Here is a listing, set out below; repeat its lines from the one with "Elegant red gown" to the last, both included, and leave out the pictures.

— Recorded data —
※

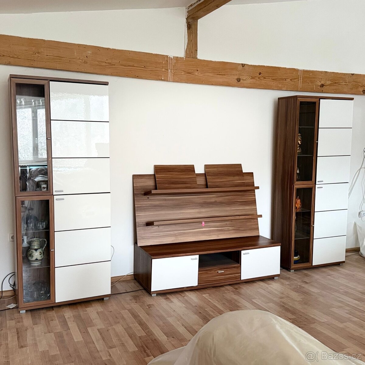 Prodám moderní a velmi krásnou a zachovalou obývací stěnu, stolek pod tv a poličky.
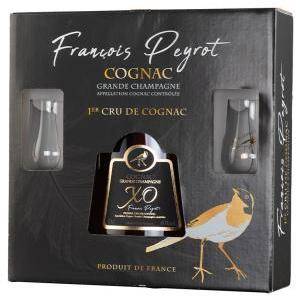 Cognac Peyrot XO e 2 bicchieri Grande Fine de Champagne elegante, pieno e complesso maturato per almeno 6 anni in botti di rovere ha un bouquet articolato e vario di frutta secca miele e legni nobili setoso alla bevuta
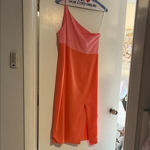 Elegant red gown with dramatic ruffle detail. Sleeveless design. Perfect for formal events.
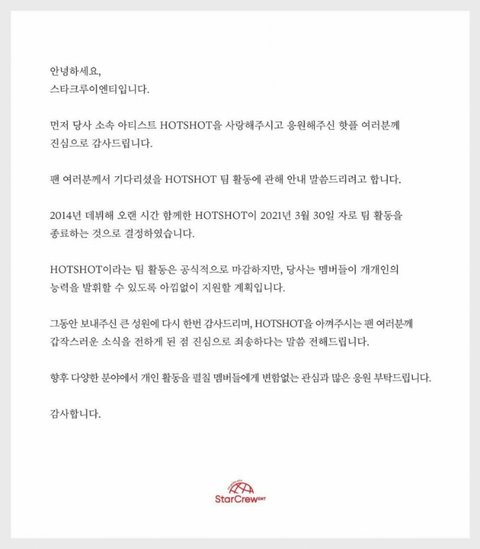 핫샷 데뷔한지 7년이라 계약종료할때 된거같은뎅

※

— Solution for this task —
 Elegant red gown with dramatic ruffle detail. Sleeveless design. Perfect for formal events.
 핫샷 데뷔한지 7년이라 계약종료할때 된거같은뎅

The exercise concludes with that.